= Task brief =
Only the lines of the data below from the one with "③まとめ琉球新報の社説は、メ" through the one with "في إطار النسخة" are wanted. Repeat them exactly.

= Material shown =
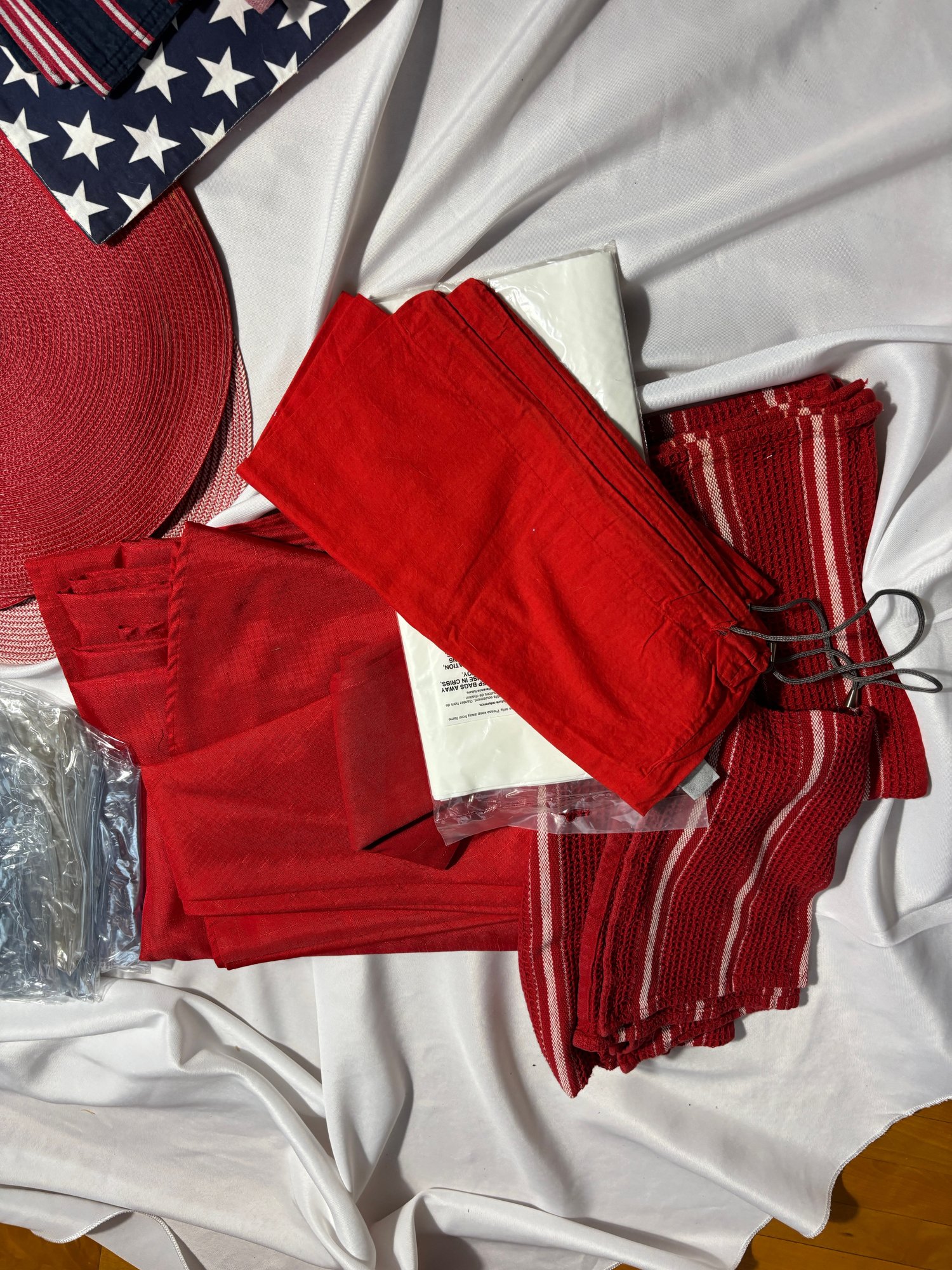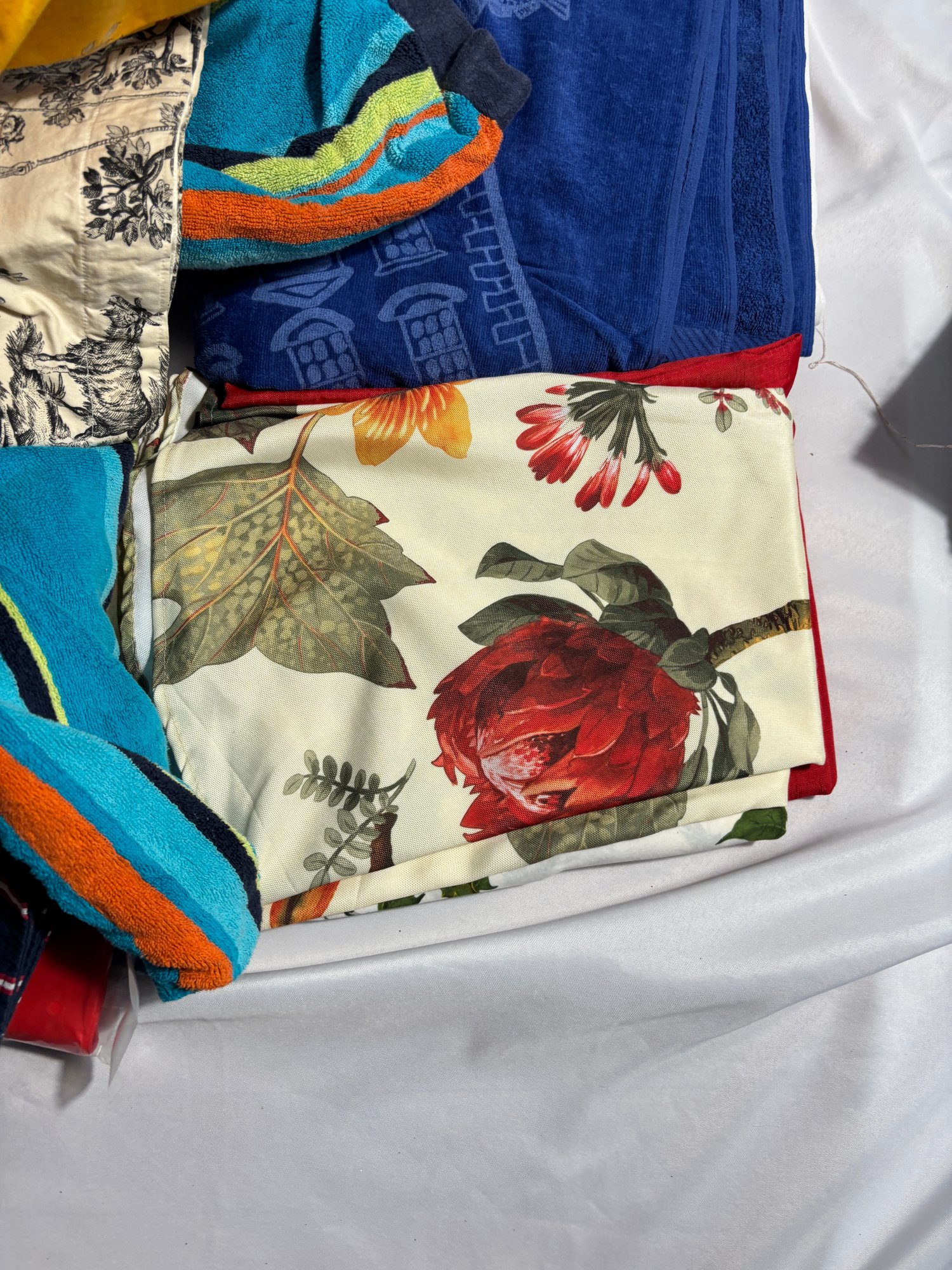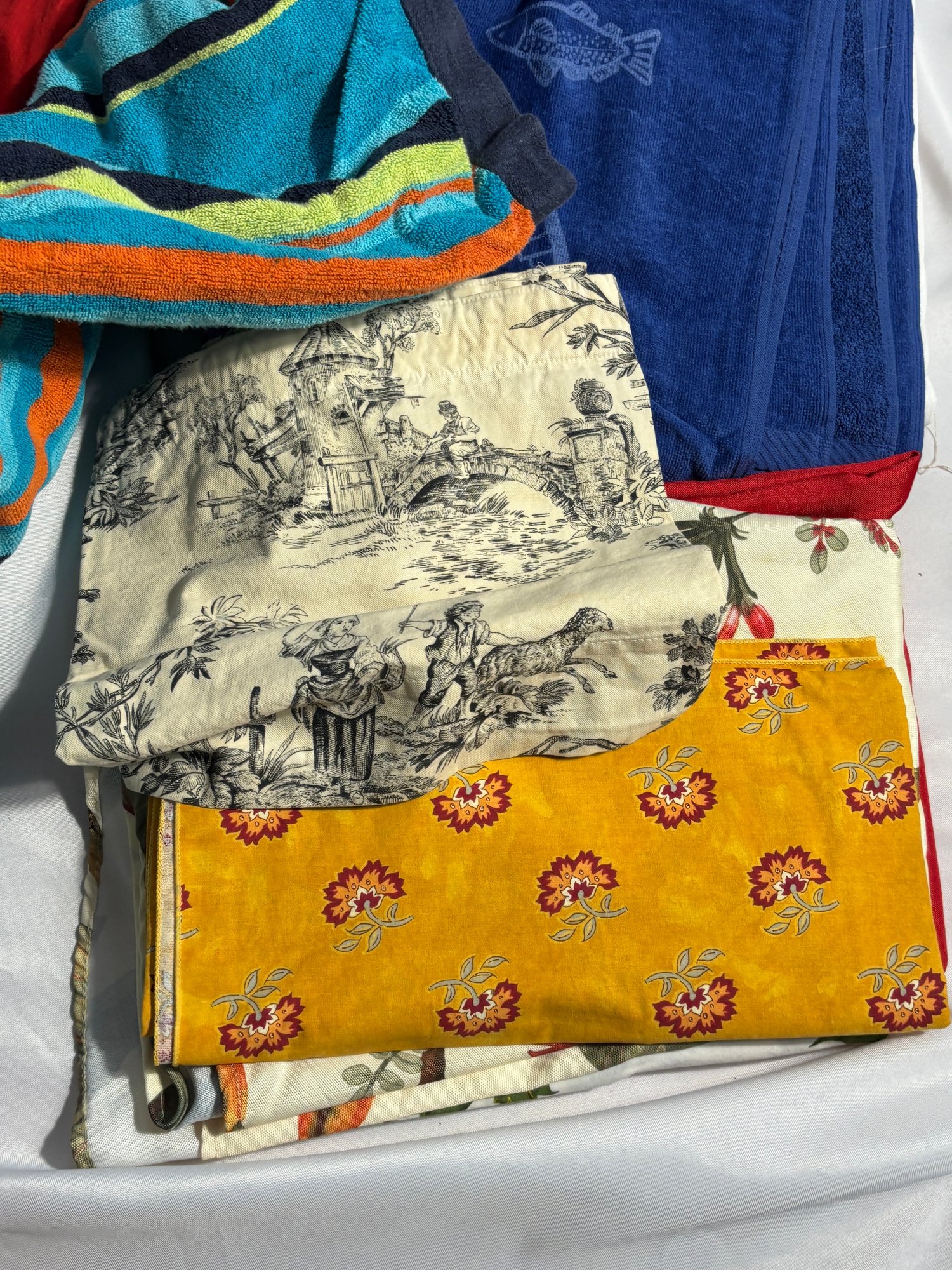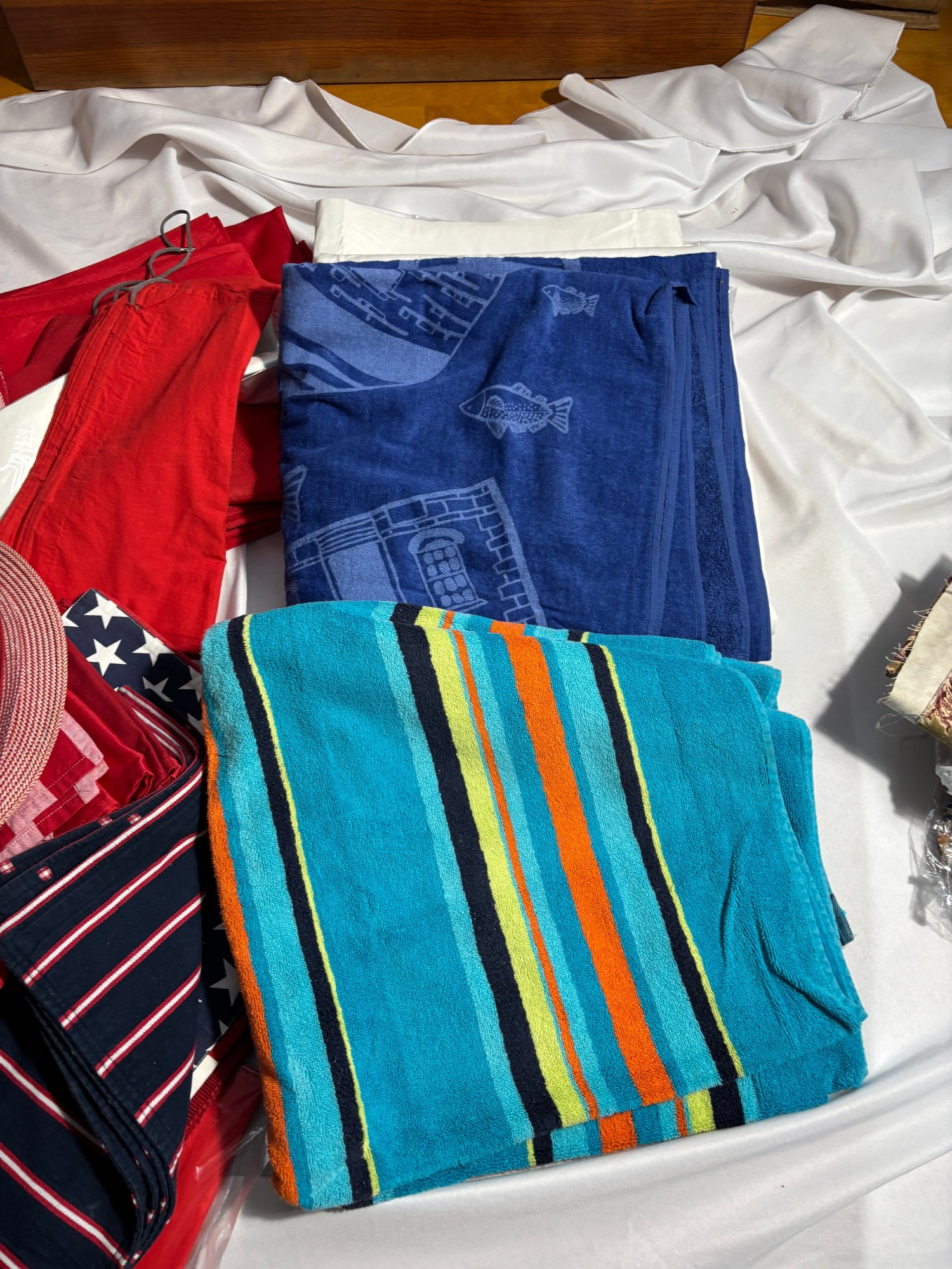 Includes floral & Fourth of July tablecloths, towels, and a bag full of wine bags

--

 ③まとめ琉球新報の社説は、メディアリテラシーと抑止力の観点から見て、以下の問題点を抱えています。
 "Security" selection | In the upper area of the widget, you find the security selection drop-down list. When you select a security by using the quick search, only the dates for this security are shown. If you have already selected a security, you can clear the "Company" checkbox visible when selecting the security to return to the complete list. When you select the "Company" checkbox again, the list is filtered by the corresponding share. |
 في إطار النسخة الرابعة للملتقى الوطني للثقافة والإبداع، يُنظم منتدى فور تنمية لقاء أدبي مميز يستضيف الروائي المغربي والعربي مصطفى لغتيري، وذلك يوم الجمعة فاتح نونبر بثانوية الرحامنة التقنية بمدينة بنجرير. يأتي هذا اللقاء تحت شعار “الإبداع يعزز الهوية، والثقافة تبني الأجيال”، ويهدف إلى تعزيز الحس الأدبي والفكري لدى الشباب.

= The completed task =
 ③まとめ琉球新報の社説は、メディアリテラシーと抑止力の観点から見て、以下の問題点を抱えています。
 "Security" selection | In the upper area of the widget, you find the security selection drop-down list. When you select a security by using the quick search, only the dates for this security are shown. If you have already selected a security, you can clear the "Company" checkbox visible when selecting the security to return to the complete list. When you select the "Company" checkbox again, the list is filtered by the corresponding share. |
 في إطار النسخة الرابعة للملتقى الوطني للثقافة والإبداع، يُنظم منتدى فور تنمية لقاء أدبي مميز يستضيف الروائي المغربي والعربي مصطفى لغتيري، وذلك يوم الجمعة فاتح نونبر بثانوية الرحامنة التقنية بمدينة بنجرير. يأتي هذا اللقاء تحت شعار “الإبداع يعزز الهوية، والثقافة تبني الأجيال”، ويهدف إلى تعزيز الحس الأدبي والفكري لدى الشباب.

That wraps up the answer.